CRESCENCE. — Pardonne-moi, mais cela, c’est ce qui est écrit dans le Gotha. D’ici, qui peut le vérifier ?
HANS KARL. — Te voilà bien acharnée contre cet homme !
CRESCENCE. — Mais il y a de quoi ! Quand une jeune fille, une des premières de son rang, s’entiche d’un homme que personne ne connaît, en dépit du fait qu’il n’aura jamais la moindre position ici…
HANS KARL. — Crois-tu ?
CRESCENCE. — Jamais de la vie ! Et en dépit du fait que son verbiage la laisse de marbre, bref, en dépit d’elle-même et du monde…Un court silence.
Hans Karl ouvre un autre tiroir avec une certaine violence.
CRESCENCE. — Puis-je t’aider à chercher ? Tu es en train de t’énerver.
HANS KARL. — Je te remercie mille fois, je ne cherche rien, à vrai dire, j’ai introduit la mauvaise clé.
LE SECRÉTAIRE, apparaissant par la petite porte. — Oh, je vous demande bien humblement pardon.

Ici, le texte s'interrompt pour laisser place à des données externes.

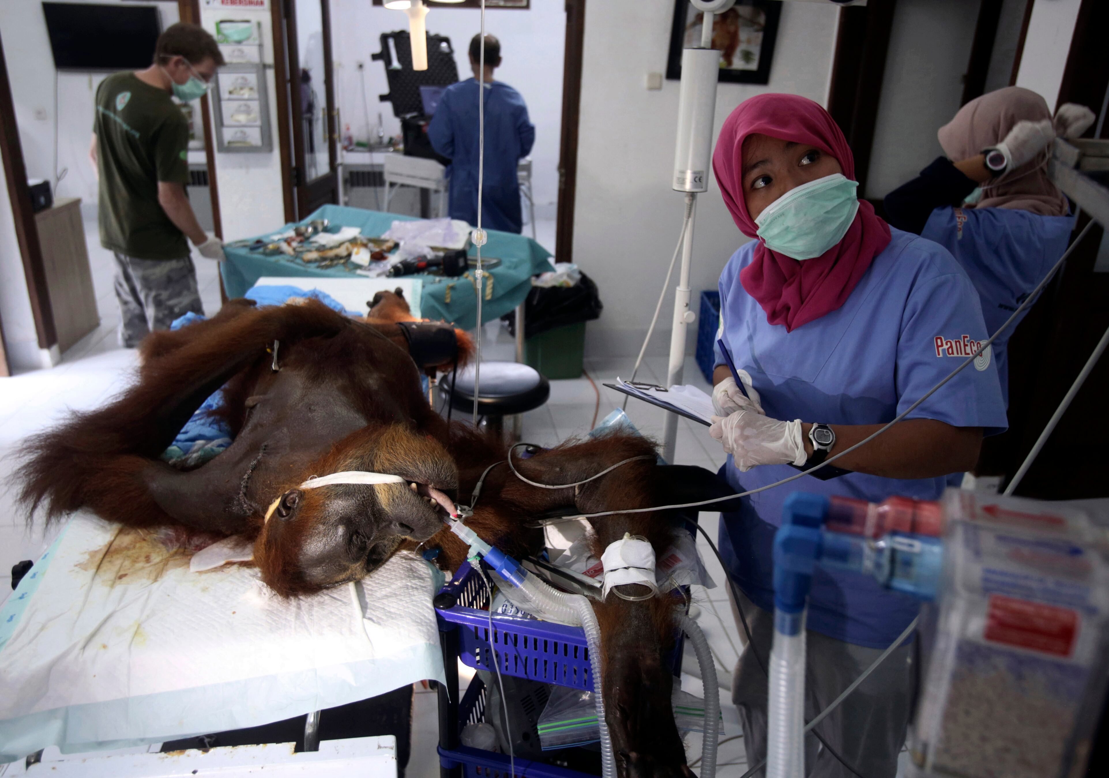 Una radiografía mostró al menos 74 impactos en el cuerpo del simio, incluidos cuatro en su ojo izquierdo y dos en el derecho, dijo Yenny Saraswati, veterinaria en el Programa de Conservación de Orangutanes en Sumatra. Añadió que el animal, apodada Hope (Esperanza) por los rescatistas, quedó ciega por los disparos y también tenía varias heridas abiertas que se cree que fueron causados con objetivos filosos.

HANS KARL. — Je serai à vous dans un petit moment, Neugebauer.Le secrétaire se retire.
CRESCENCE s’approche de la table. — Kari, si seulement cela te faisait plaisir, rien qu’un peu, je ferais échouer cette histoire.
HANS KARL. — Quelle histoire ?
CRESCENCE. — Celle dont nous parlons : Hélène-Neuhoff. Je la fais échouer du jour au lendemain.
HANS KARL. — C’est-à-dire ?
CRESCENCE. — Je mets ma main au feu qu’elle est encore exactement aussi éprise de toi aujourd’hui qu’il y a six ans, et qu’il suffit d’un mot, de l’ombre d’une allusion…
HANS KARL. — … que je te prie de ne pas faire, pour l’amour de Dieu !
CRESCENCE. — Très bien, pardonne-moi ! N’en parlons plus.
HANS KARL. — Ma chère, je m’incline bien bas devant tes façons énergiques, mais, Dieu merci, les gens ne sont pas si simples.
CRESCENCE. — Mon cher, les gens sont, Dieu merci, très simples, si on les prend simplement. Bon, je vois que tu ne prends pas cette nouvelle au tragique. Tant mieux. Tu as cessé de t’intéresser à Hélène, je le tiens désormais pour acquis.
HANS KARL, se levant. — Je ne sais même pas comment tu as pu penser qu’il était nécessaire que je cesse de m’intéresser à elle. D’autres personnes ont-elles ces pensées bizarres ?
CRESCENCE. — Bien probablement.
HANS KARL. — Sais-tu que cela me donne proprement l’envie de m’y rendre ?
CRESCENCE. — Et de donner ta bénédiction à Théophile ? Il en sera ravi. Il fera les pires bassesses pour devenir un de tes familiers.
HANS KARL. — Ne trouves-tu pas qu’il aurait été fort à propos, étant donné les circonstances, que je me sois montré depuis longtemps déjà chez les Altenwyl ? Je suis extraordinairement désolé de m’être décommandé.